:: Exercise data ::
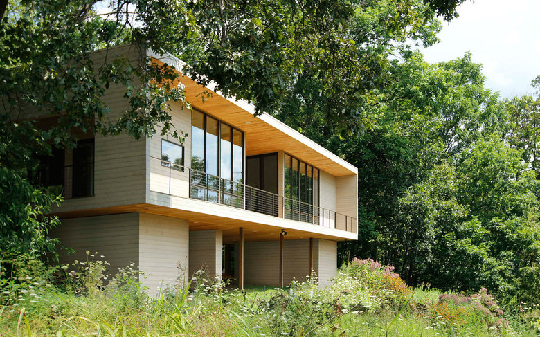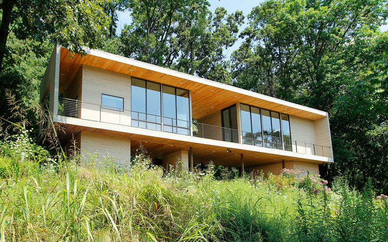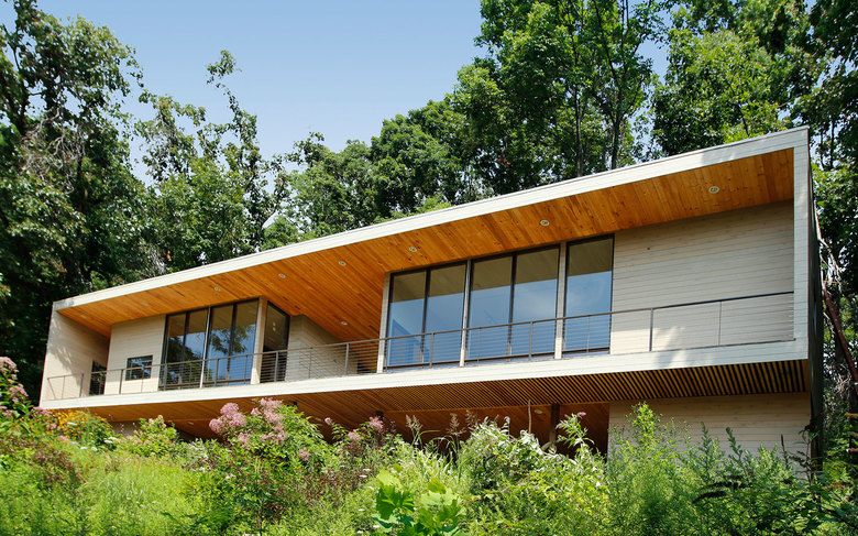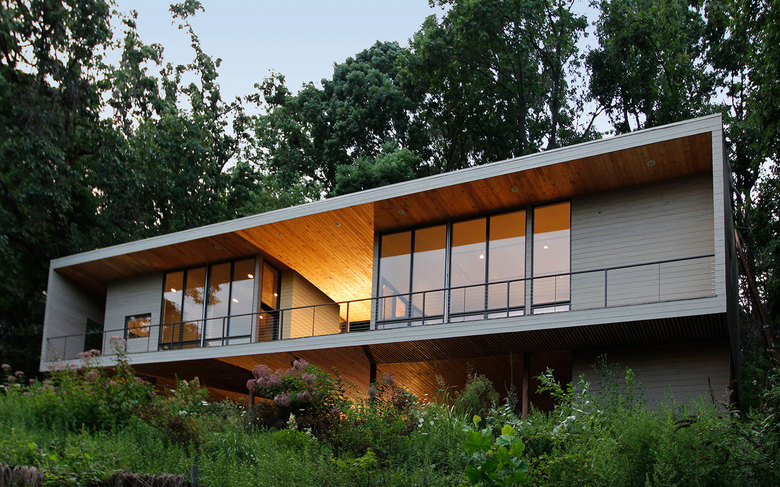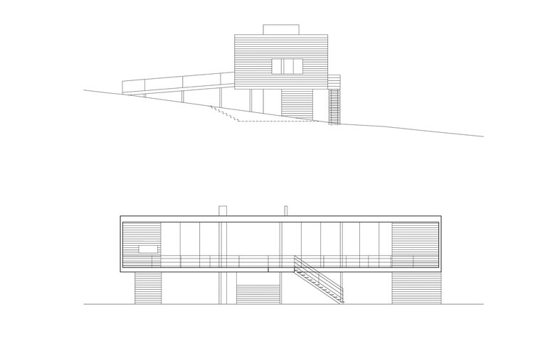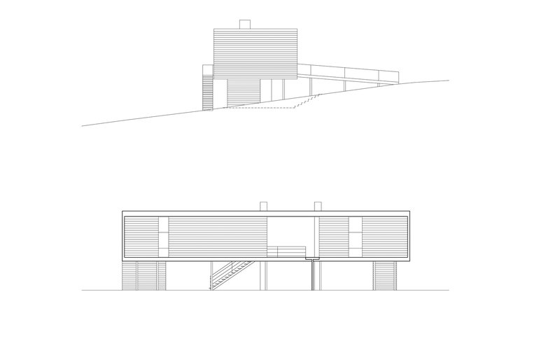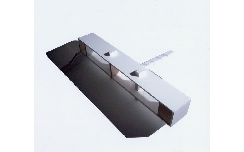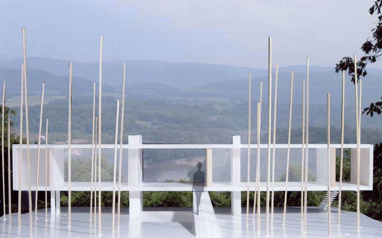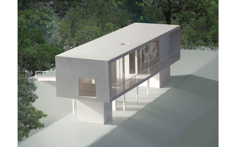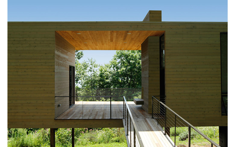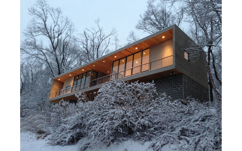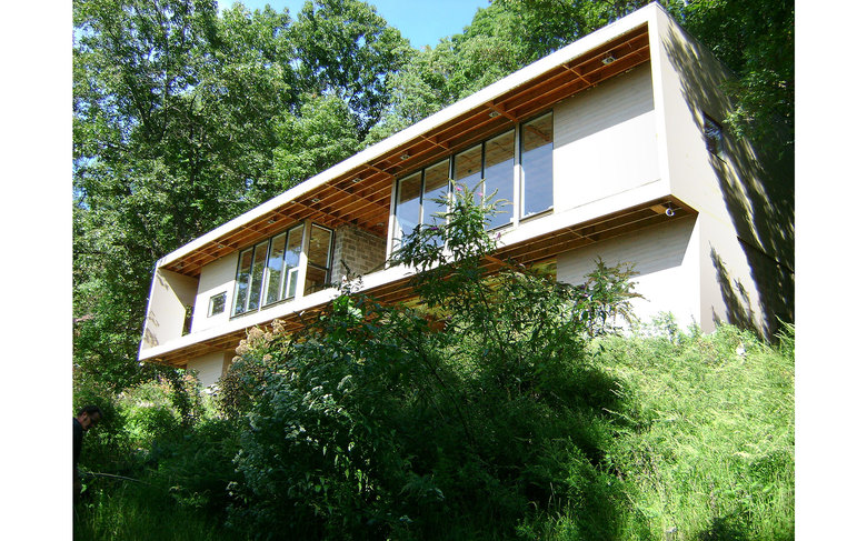 Bridge-Studio is a new artist studio building in Easton, Pennsylvania, designed for a couple who are both artists and gallery owners in New York City. Bridge-Studio houses a painting studio for the husband on the east side, and a writing studio on the west side. An open air breezeway runs through the center of Bridge-Studio, connecting back to the site with an entry ramp to the north. Bridge-Studio is entered by walking up the entry ramp, into the open breezeway overlooking the Delaware River, approximately 120 feet below the site.
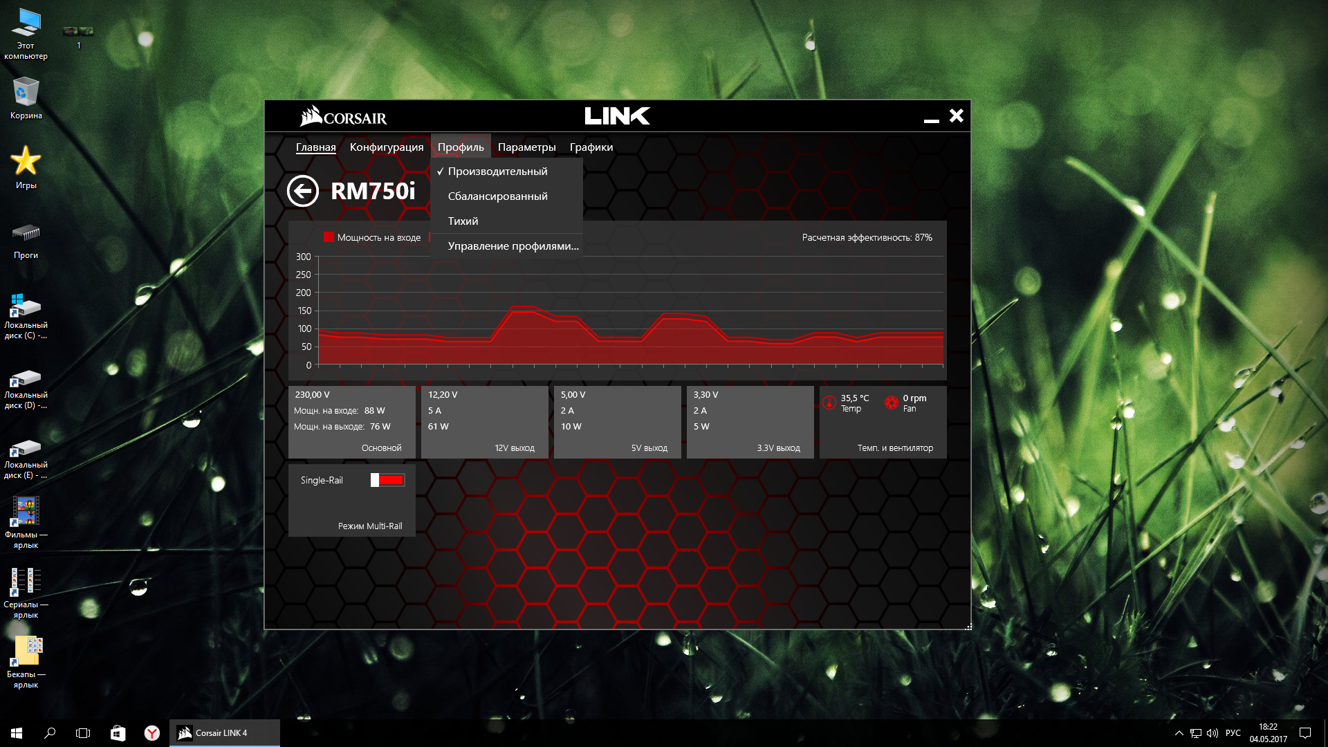 он был включен, я поставил утилиту и выключил его, посоветовали на другом форуме, но я так и не понял за что он отвечает, можете пояснить? бп подключил проводом, питание карты разнес по двум линиям, не понятно только какой режим ставить в корсар линк сбалансированный или производительный? линкс с фурмарком значит запускать, а файр страйк ультра для этого не подходит?
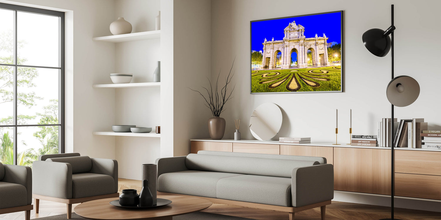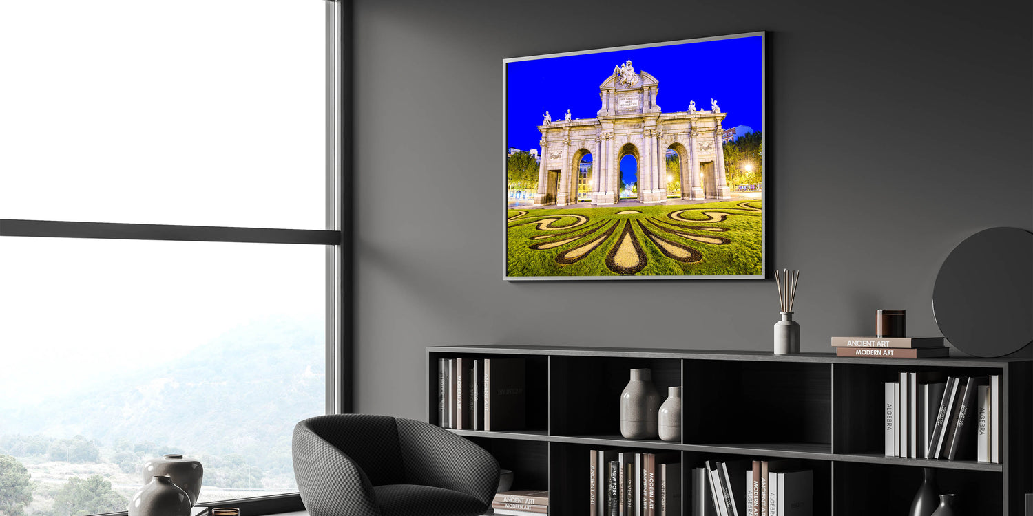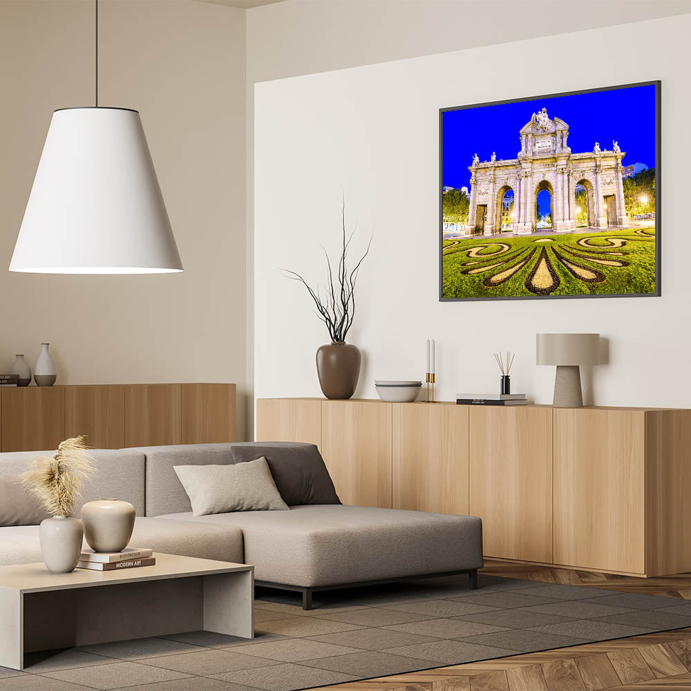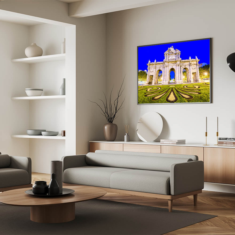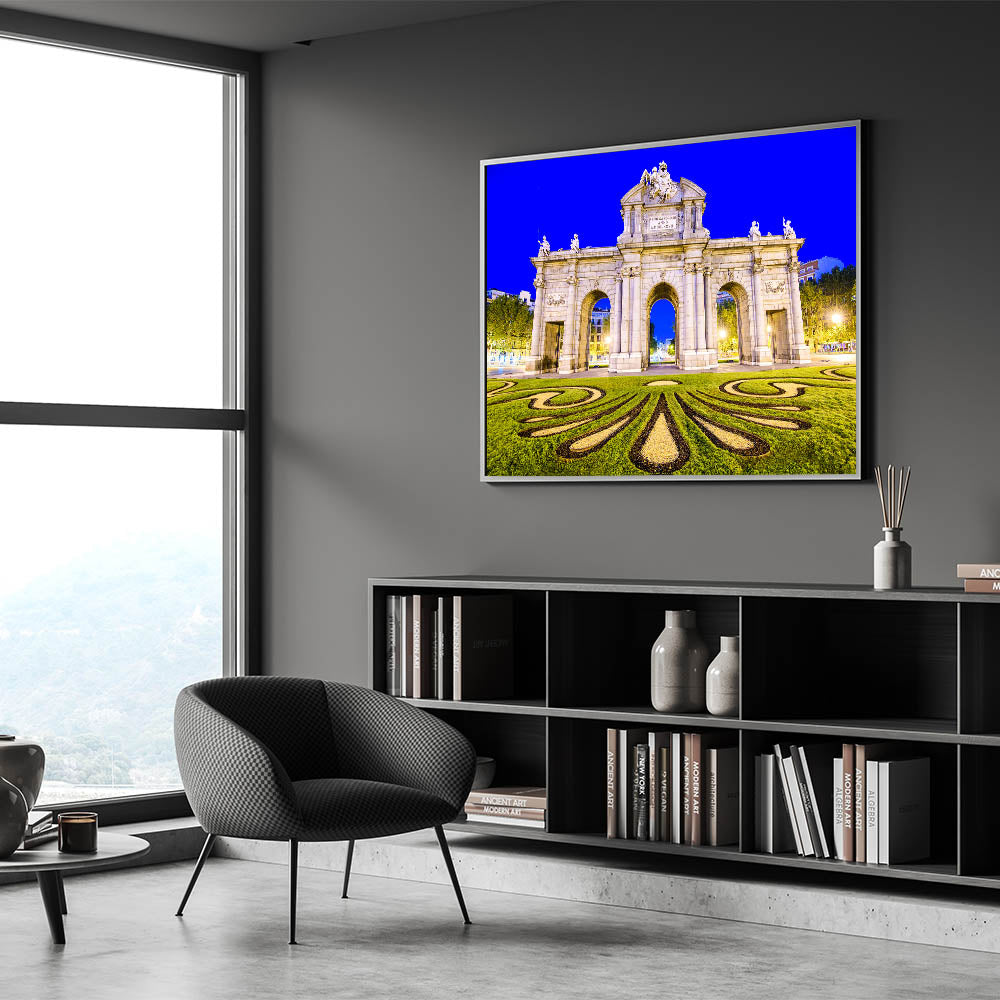 Celebrate the grandeur of Madrid with this stunning wall art featuring the famous Puerta de Alcalá at night. Illuminated against the deep blue sky, this iconic monument showcases its architectural beauty and rich history. This piece of Madrid wall decor captures the intricate details of the arch, along with the beautifully designed landscape in the foreground, making it an eye-catching addition to any room.

:: Goal of the exercise ::
Repeat all of the material above exactly, leaving out pictures.

:: Exercise solution ::
 Bridge-Studio is a new artist studio building in Easton, Pennsylvania, designed for a couple who are both artists and gallery owners in New York City. Bridge-Studio houses a painting studio for the husband on the east side, and a writing studio on the west side. An open air breezeway runs through the center of Bridge-Studio, connecting back to the site with an entry ramp to the north. Bridge-Studio is entered by walking up the entry ramp, into the open breezeway overlooking the Delaware River, approximately 120 feet below the site.
 он был включен, я поставил утилиту и выключил его, посоветовали на другом форуме, но я так и не понял за что он отвечает, можете пояснить? бп подключил проводом, питание карты разнес по двум линиям, не понятно только какой режим ставить в корсар линк сбалансированный или производительный? линкс с фурмарком значит запускать, а файр страйк ультра для этого не подходит?
 Celebrate the grandeur of Madrid with this stunning wall art featuring the famous Puerta de Alcalá at night. Illuminated against the deep blue sky, this iconic monument showcases its architectural beauty and rich history. This piece of Madrid wall decor captures the intricate details of the arch, along with the beautifully designed landscape in the foreground, making it an eye-catching addition to any room.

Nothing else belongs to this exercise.